The International Council of Securities Associations, the global forum for the trade associations and SROs that represent and regulate the securities industry, seek a delay in the implementation of the Foreign Account Tax Compliance Act and a cross border framework. In a letter to the IRS and Treasury, the Council said that, while fully supporting FATCA's overarching goals of preventing tax evasion and promoting financial transparency, its fears that the Act would impose significant compliance costs on all foreign financial institutions and, in a number of jurisdictions, cause financial institutions to violate data privacy laws if they were to comply with FATCA. In addition, FATCA sets new, unilateral standards for beneficial ownership, thereby undercutting the multilateral negotiations carried out under the leadership of the Financial Action Task Force.
Rather than the unilateral approach taken by FATCA, the Council suggested the development of a global framework allowing the US and other governments to obtain information regarding income paid to citizens of their countries by foreign financial institutions which is in harmony with each jurisdiction’s existing laws and does not create an excessive compliance burden for financial institutions. The Council believes that an approach developed through negotiations between governments and not through the agreements between the IRS and private entities mandated by FATCA, would be consistent with the G20’s emphasis
on building a coherent global framework for financial markets.
FATCA will effectively compel foreign financial institutions, broadly defined to include banks, hedge funds, investment companies and securities and commodities firms, to enter into an agreement with the IRS requiring them to report annually certain customer information and to withhold and pay to the IRS a 30% withholding tax on customers of those institutions who are US companies or US citizens that have not supplied certain information to the foreign financial institution. Thus, FATCA will compel foreign financial institutions to screen their existing customer database to identify clients that are US companies or individuals who are US persons.
But according to the Council, FATCA goes further than just requiring financial institutions to identify US companies and citizens. Financial institutions must be able to prove that their non-US clients are in fact not US companies or citizens or people born in the US. This requirement would apply not just to new accounts, but to many existing accounts as well, especially where clients may have US indicia on file, such as a U.S. mailing address (with some proposed exceptions). However, querying the nationality of customers is not part of the identification and verification of identity of customers under current anti-money laundering requirements in most jurisdictions.

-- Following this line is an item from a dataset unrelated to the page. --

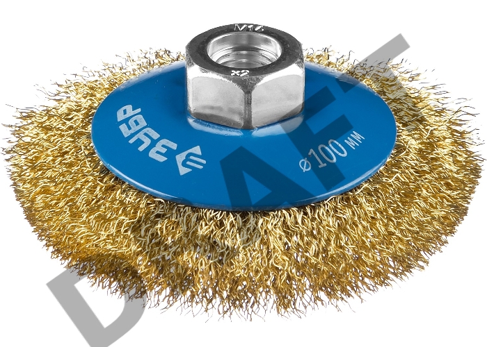 Щетка коническая ЗУБР "Профессионал". для УШМ, витая латунированная стальная проволока 0,3мм, 100ммхМ14
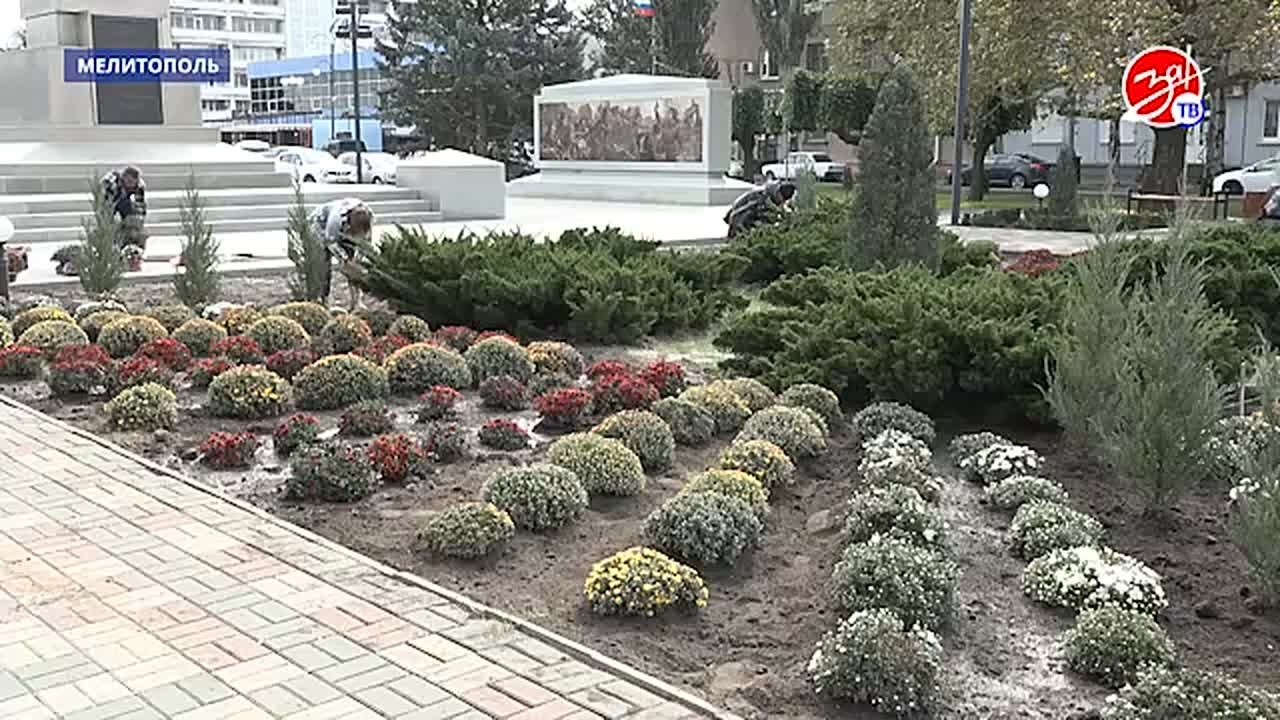Главную площадь Мелитополя украсили хризантемы.

The Council also noted that the definition of specified U.S. persons contained in the FATCA legislation encompasses foreign visitors who satisfy the substantial presence test. The test of whether an individual has a “substantial US tax presence” is based on whether or not a person has spent a weighted average of more than 183 days in the US over the past three calendar years, including at least 31 days in the past year. However, financial institutions generally do not collect such information as part of their initial or ongoing customer due diligence assessment.
In order to obtain this information, firms would have to explain the definition of a “substantial US tax presence” to their customers and then rely on the individual in question being able to both understand the definition and answer the question honestly. And the firm would not be able to verify the answer since it would not have access to the necessary documentation. In addition, given that the answer to the question may change from year to year, firms will need to identify such persons on an annual basis although they will not have access to the information that would allow them to actually verify if the customer were telling the truth or not.

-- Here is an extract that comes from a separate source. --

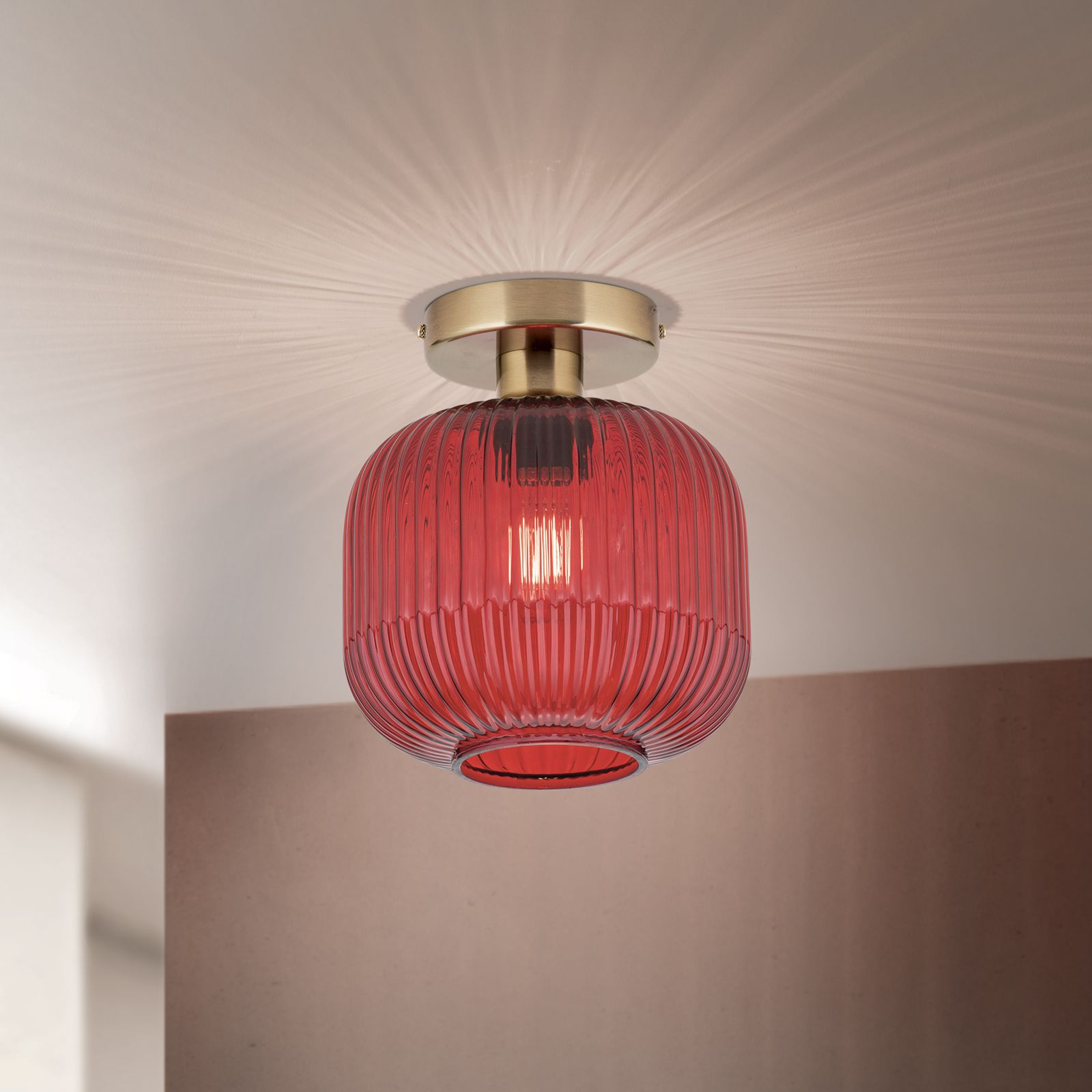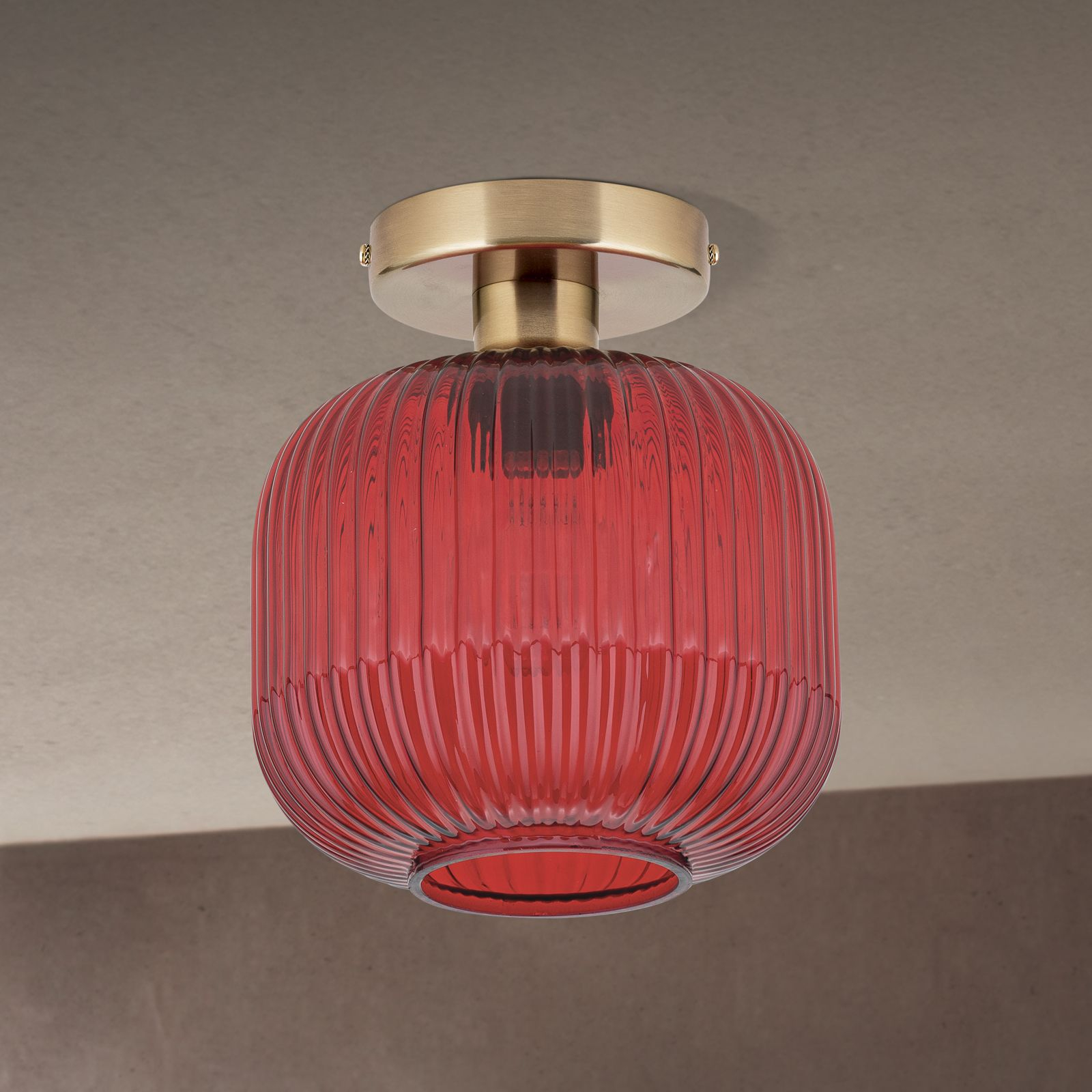 метал в цвят античен месинг, стъкло в червен цвят

Similarly, the definition of specified U.S. persons in FATCA legislation also includes green card holders. However, financial institutions are generally not required to request the details of a person’s green card status as part of their initial or ongoing due diligence. Therefore, to comply fully with the legislation, firms will have to attempt to indentify those existing and new customers who are green card holders without being able to independently verify the information that is given to them by the customers.

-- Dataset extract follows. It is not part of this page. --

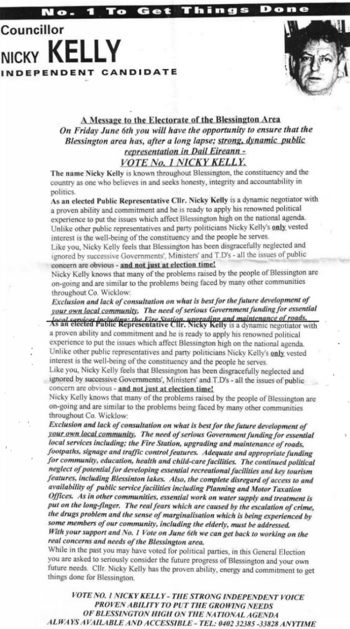 […] Nicky Kelly running as an Independent in 1997 […]

Even more troubling is the likelihood that all major non-US financial institutions will be captured by the requirement to be FATCA compliant due to their US exposures. As a result they will need to report all their US client dealings to the IRS and withhold 30% of US based income including gross proceeds of sales, from clients and counterparties that decline or for any reason do not cooperate with their US client identification regime. However, in a large number of countries, the legal basis on which they will be able to report their US client dealings and/or withhold 30% of US based income is not clear at this time. Indeed, there are a number of jurisdictions where financial institutions are expressly prohibited from undertaking these actions by data privacy and and other national laws.
For example, in Japan disclosure of personal information to a third party without the consent of the customer is prohibited by the Act on the Protection of Personal Information. If a customer did not consent to the disclosure, it would be difficult if not impossible for a financial institution based in Japan to withhold funds from the customer’s accounts based on an agreement with the US government, since that agreement would not have any legal basis in Japan. Similarly, under the Australian Privacy Act, every identified US person would need to consent to the disclosure of their personal information by the financial institution to the US government.
Financial institutions based in the EU would also face criminal prosecution as well as civil claims over breaches of data protection laws if those firms were to comply with FATCA. Absent direct EU legislative action, the FATCA obligations placed on the firms would mean that those financial institutions face a significant risk of customer claims of non-compliance with data protection and banking confidentiality obligations.